We believe in preventing abuse before it happens. Our firm has compiled this list to assist parents in communicating and asking questions with their children regarding both physical and sexual abuse.

According to the U. S. Department of Health and Human Services, April is Child Abuse Prevention Month. In an effort to make our country’s homes, schools, houses of worship and other places safer for all children, our government has prepared a number of useful Internet resources. If you have children -- or simply want to make this world a better place for them -- please take the time to read some of the materials referenced below.

You can find “Tip Sheets” addressing such topics as: “Preventing Child Sexual Abuse,” “Keeping Your Family Strong,” “Parents and Caregivers,” and “Human Trafficking: Protecting Our Youth.” All of this material is available in both English and Spanish. This particular article reviews some of the specific information provided on preventing child sexual abuse.

Has your child been touched inappropriately or in a sexual manner by a teacher, coach or other adult? If so, you may need to file a lawsuit to recover for your child’s past suffering and possible need for future counseling. Fort Worth child abuse attorney Tom Hall can help by confidentially discussing your child’s case with you.

Mr. Hall has been representing families like yours for over 25 years. He’s also board certified in Texas personal injury trial law by the Texas Board of Legal Specialization. You can contact the law offices of Fort Worth child abuse attorney Tom Hall today by calling 1-817-831-6100. Ask to schedule your FREE consultation.

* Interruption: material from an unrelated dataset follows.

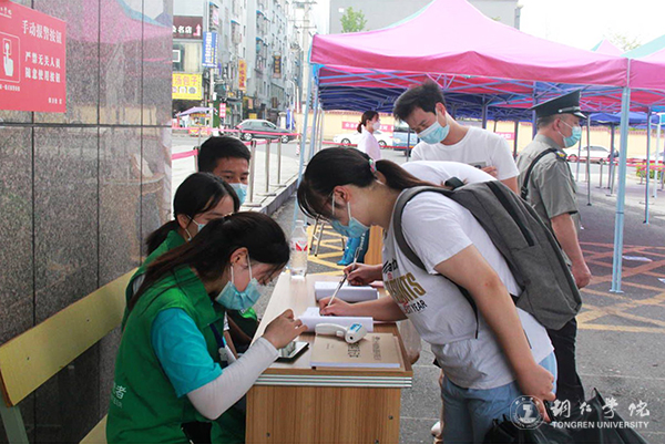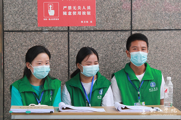 在宿舍门口,宿管阿姨对返校学生再次进行个人相关信息登记,确保学生的安全健康。在食堂,同学们有秩序地按照就餐要求享用食堂叔叔阿姨准备的“回家饭”。在校园里,来来往往的身影和同学间的聊天以及统一身穿“绿马甲”的志愿者们,让美丽的铜院又充满了青春气息与欢声笑。
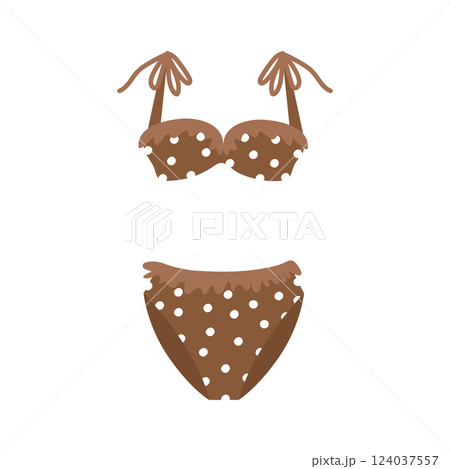 Separate women's swimsuit in brown polka dots with frilled cups and straps with ties. Fashionable illustration of clothes for sea holidays and sunbathing in hot summer.

Important Tips for Keeping Your Children Safe from Sexual Abuse

  • Have a private talk with each of your children. Explain to them that while most adults are good people who want to help them and take good care of them – there are others that they must watch out for – in terms of how they may try to speak with your children or touch them. Help your children understand that they are in charge of their own bodies and who they choose to let hug them or otherwise touch them.

 

Let your kids know that unless they’re having a diaper changed or getting help with taking off wet clothes to put on dry ones, no adult should be touching them near their “private parts.”  Be sure that they realize that they must watch the behavior of both strangers and people they may already know.

 

After warning your children about such matters, always comfort them again by telling them that this type of event may never happen. However, ask them to let you know if they ever have any questions or concerns about the way an older child or adult has been touching them – especially if it has made them feel uncomfortable.  Tell them that you’ll never be upset or angry with them if they report such concerns to you and that you’ll always be on their side;

  • Stay involved in each of your children’s lives as much as possible. Always look for a time each day when either you or your spouse can ask each child how his/her day went. Never just assume that if your child is quiet that all is going well;
  • As an adult, “watch out for ‘grooming’ behaviors in adults who spend time with your child.” Be a bit concerned about adults who regularly ask to spend time alone with your child for no apparently valid reason. Also, watch out for adults who seem to have picked out one of your children to receive regular special gifts;
  • Choose activities for your children that “minimize one-on-one” interaction time with adults. Never sign your child up for any type of activity without first checking on the screening process used to select the teachers, counselors and/or assistants. Also, make sure this screening is conducted again each year;
  • Help your children feel comfortable talking about their bodies with you. “Teach children accurate names of private body parts.” As already referenced briefly above, explain “the difference between touches that are ‘okay’ and [those that are] not okay;”
  • Make sure your children can use a bathroom alone at a young age. This will help cut down on the time the wrong type of adults may try to find time to be alone with your children in a bathroom or other similar area;
  • Discuss the different types of “secrets” a child might encounter in life. Clearly explain that it’s never wrong to tell you as a parent if someone is touching your child in ways that just don’t seem right. Tell your child that this is not an appropriate “secret” for any adult to ever ask a child to keep – no matter what. Give them innocent examples of secrets that are okay and that they can understand. For example, you can tell them that if they know what type of gift someone else is giving you for your birthday, it’s okay for them to keep that type of secret. (You can find more good tips by visiting this link.)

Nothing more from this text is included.